• [Work to complete]:
Starting from the line with "原料:水、高粱、大米、小麥、糯米、豌豆" and going up to and including the line with "4月23日,第八届中国国际茶", copy the listing below exactly. Leave all images out.
══ Provided information
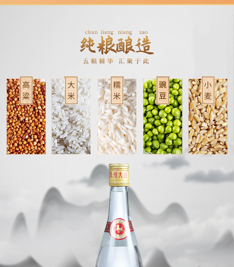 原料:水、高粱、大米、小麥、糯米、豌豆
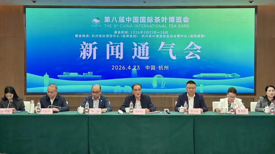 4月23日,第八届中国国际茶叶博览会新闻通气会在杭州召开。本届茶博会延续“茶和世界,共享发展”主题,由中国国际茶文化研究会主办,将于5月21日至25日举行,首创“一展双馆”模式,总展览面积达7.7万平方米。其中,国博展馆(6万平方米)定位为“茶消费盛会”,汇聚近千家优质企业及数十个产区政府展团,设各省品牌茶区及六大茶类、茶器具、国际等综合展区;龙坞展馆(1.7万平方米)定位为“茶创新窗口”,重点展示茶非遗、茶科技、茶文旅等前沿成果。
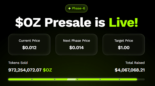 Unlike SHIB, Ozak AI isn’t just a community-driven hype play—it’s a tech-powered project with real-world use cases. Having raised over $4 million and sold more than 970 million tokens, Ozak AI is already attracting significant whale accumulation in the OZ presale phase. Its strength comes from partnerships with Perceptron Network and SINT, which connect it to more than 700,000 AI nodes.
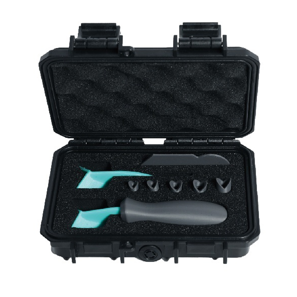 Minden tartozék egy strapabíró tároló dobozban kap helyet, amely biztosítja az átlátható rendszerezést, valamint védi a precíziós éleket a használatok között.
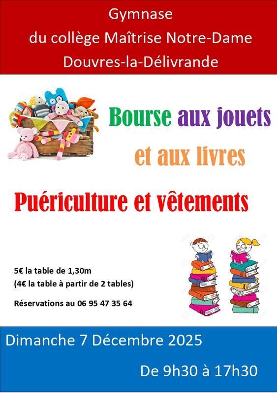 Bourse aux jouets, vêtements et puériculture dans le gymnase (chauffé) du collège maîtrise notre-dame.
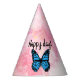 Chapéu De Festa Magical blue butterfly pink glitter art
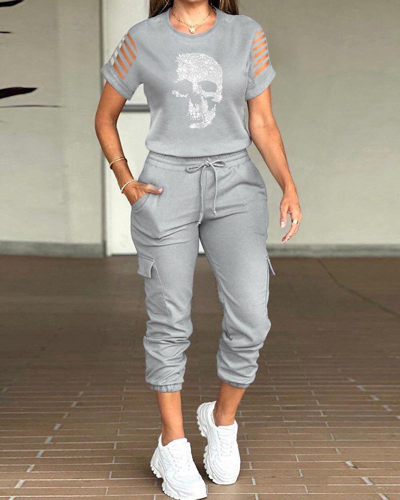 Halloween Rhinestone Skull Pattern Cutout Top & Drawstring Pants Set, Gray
════
══ Provided information
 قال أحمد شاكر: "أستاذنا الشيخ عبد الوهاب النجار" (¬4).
════
• [Response to this task]:
 原料:水、高粱、大米、小麥、糯米、豌豆
 4月23日,第八届中国国际茶叶博览会新闻通气会在杭州召开。本届茶博会延续“茶和世界,共享发展”主题,由中国国际茶文化研究会主办,将于5月21日至25日举行,首创“一展双馆”模式,总展览面积达7.7万平方米。其中,国博展馆(6万平方米)定位为“茶消费盛会”,汇聚近千家优质企业及数十个产区政府展团,设各省品牌茶区及六大茶类、茶器具、国际等综合展区;龙坞展馆(1.7万平方米)定位为“茶创新窗口”,重点展示茶非遗、茶科技、茶文旅等前沿成果。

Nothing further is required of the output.